ГЛАВА VIII. На Yellow-River
Первое впечатление было ободряющее. Госпожа Куртисс оказалась маленькой, кругленькой женщиной с умной и доброй физиономией. Она встретила Раймунда очень радушно.
— Я знаю, как высоко ценит вас муж, господин Фрезоль, — сказала она, протягивая ему руку. — Считайте наш дом своим как здесь, так и в Нью-Йорке!
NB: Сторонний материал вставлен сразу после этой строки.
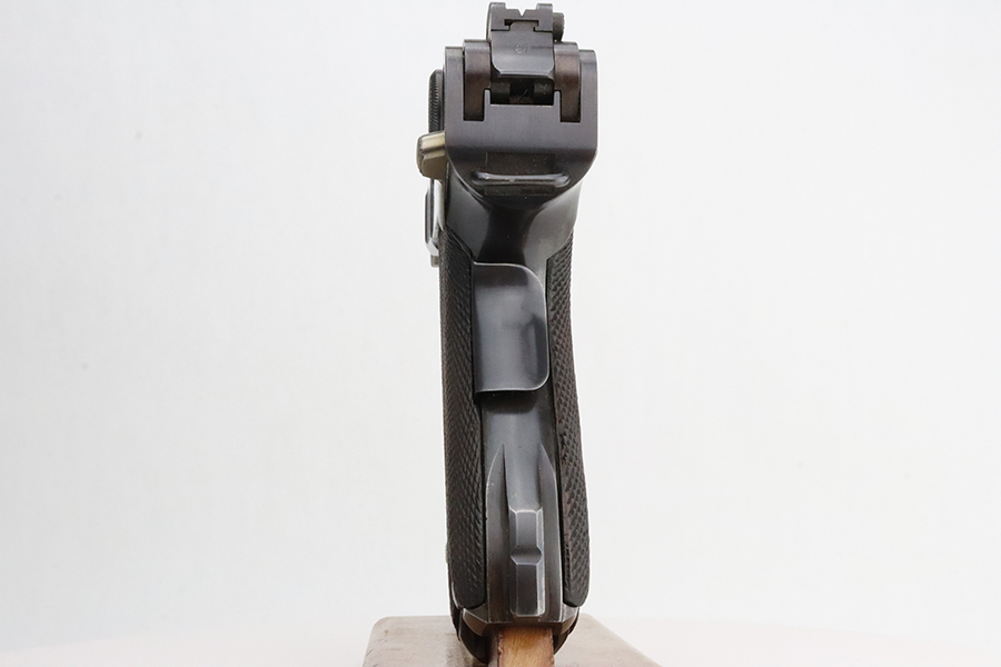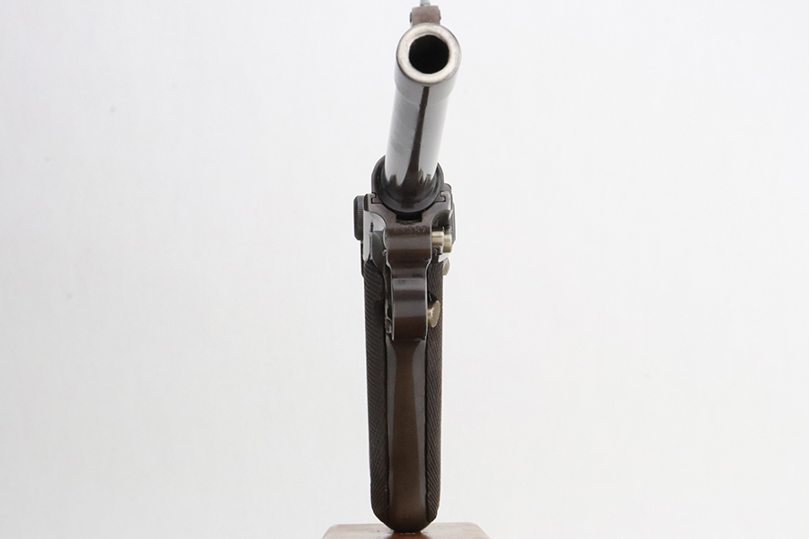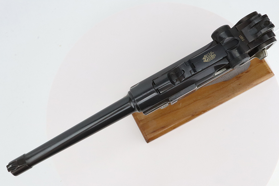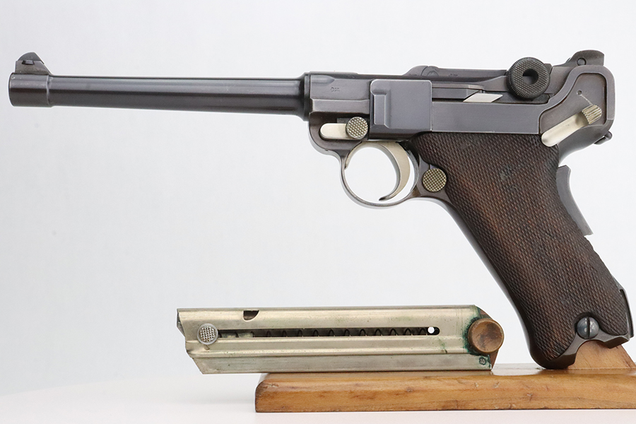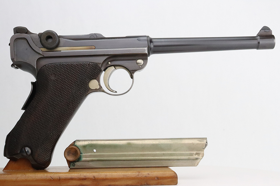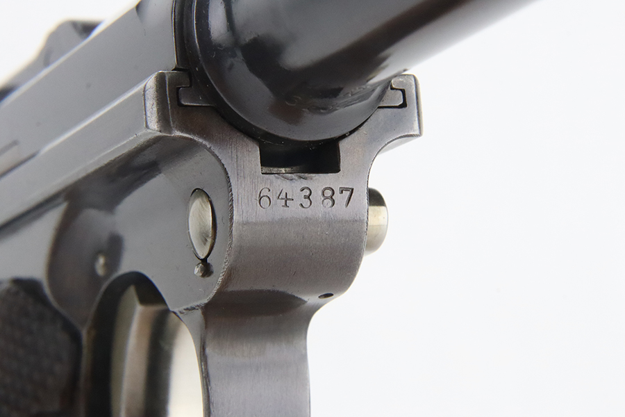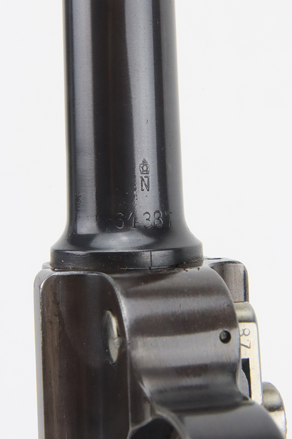 3/4/24 – This is a WWI-era commercial DWM Navy Luger. All matching with commercial “Crown N” proofs. This gun has been completely professionally restored and refinished. There is almost no actual finish loss, just a hint of muzzle wear. Fitted with matching wood grips and a blank-bottom commercial magazine (the hold-open does not work with this magazine). The bore has decent rifling, but there is minor pitting throughout.

— Папа сказал нам, что вы подали ему самую лучшую в мире мысль, и нам очень интересно узнать ее во всех подробностях! — раздался свежий и музыкальный голос. Эти слова были сказаны молодой белокурой девушкой, вышивавшей туфли у окна гостиной; она была так проста и скромна в своем сером парусиновом платье, что Раймунд с трудом узнал в ней ослепительное видение которое явилось ему третьего дня. Так это — мисс Куртисс, модная красавица и признанная кокетка! Право, она мало оправдывала слухи, ходившие о ней. За всю свою жизнь Раймунд не встречал такой приветливости и добродушия. Он почувствовал себя вполне в своей тарелке, словно с двадцатилетним товарищем. И по настоянию дам, слышавших об его оригинальном жилище, он рассказал им историю бывшего дилижанса и его обитателей.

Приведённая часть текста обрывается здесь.